Why the adjustments? Right now, we don’t know. When asked about it during an afternoon conference call with the media, UNC athletic director Bubba Cunningham said it would be up to the NCAA’s investigative staff to provide an answer. The folks who track these matters closely are curious as to what that answer might be. “It appears to be a pretty remarkable pullback,” said Brad Wolverton, who has written extensively about academic fraud cases for The Chronicle of Higher Education. “It’s sort of astounding. This is supposedly one of the biggest academic scandals in the history of college sports, and from all appearances we’ve narrowed this case down to women’s basketball.”

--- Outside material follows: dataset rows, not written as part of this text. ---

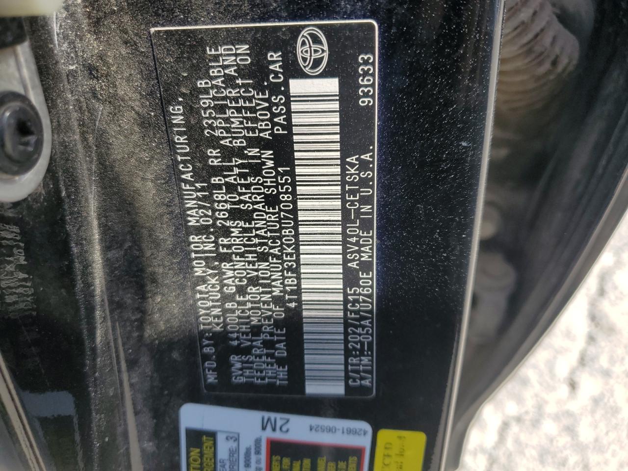 Колір ЧорнийЦиліндри 4VIN 4T1BF3EK0BU708551Стан НевідомоУшкодження Передня або задня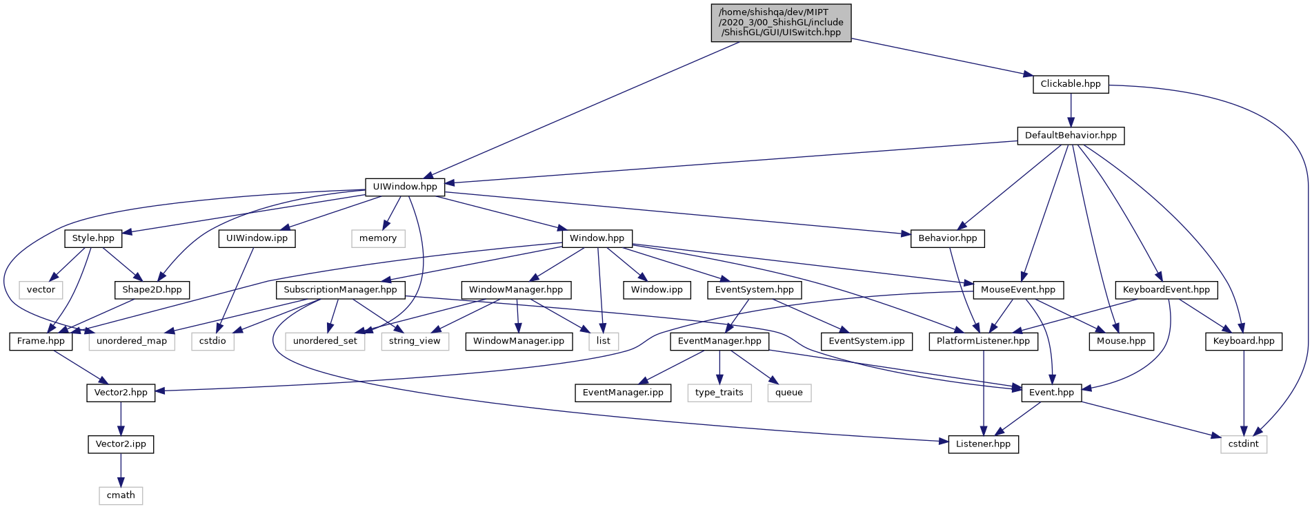 Include dependency graph for UISwitch.hpp: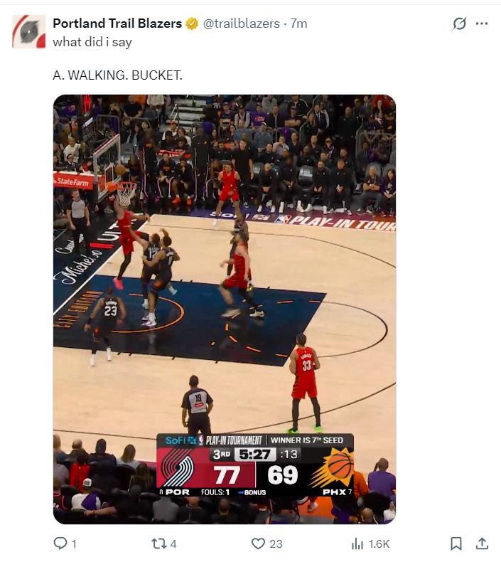 在第三節末尾太陽打出一波13-4的小高潮直接將分差縮小到1分,阿夫迪亞三節打完已經拿到27分9助攻4籃板2蓋帽,開拓者的氣勢一下就沒了。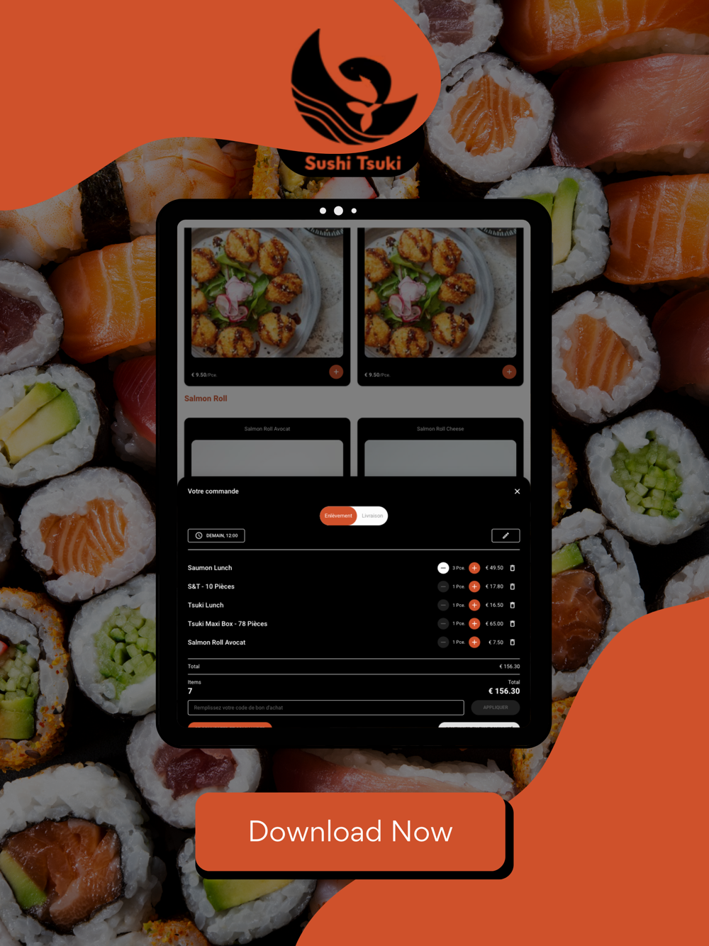 Où que vous soyez, avec l'application Sushi Tsuki, vous pouvez commander sans souci parmi la vaste gamme.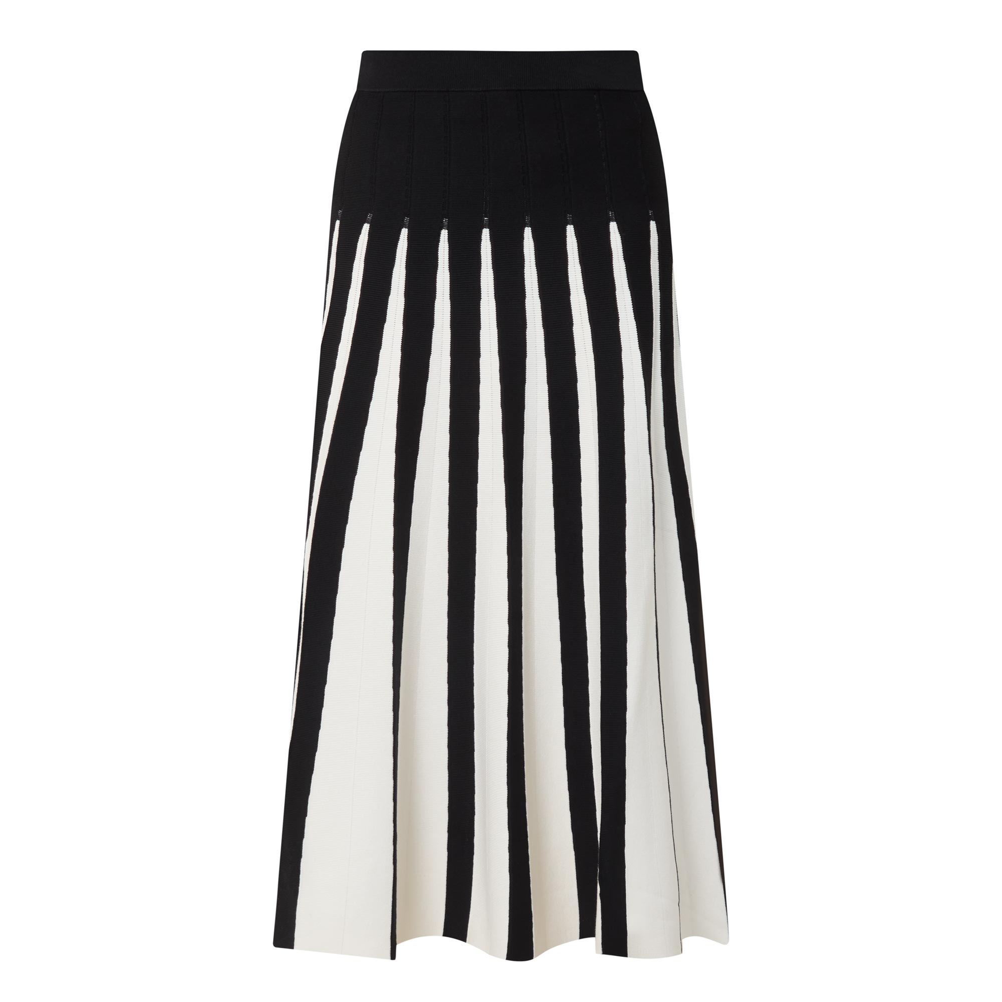 - High rise, elasticated waistband, two-tone pleats, knit construction, midi length

If the pullback amounts to a sharpening of how the NCAA defines its missions as it relates to academic fraud, then it will have far-reaching ramifications. After the Penn State debacle, the NCAA is less inclined to overstep its bounds. No one is disputing that the AFAM Studies courses were illegitimate. The question is whether it is the responsibility of a school’s athletic personnel to determine that, and therefore, whether the NCAA’s enforcement division should punish sports programs for failing to do so. Notice, for example, the NCAA’s use of the word “anomalous” to describe those classes. The authors of the notice could have used more incendiary words like “fraudulent” or “phony,” but they chose the path of least resistance. That is no accident.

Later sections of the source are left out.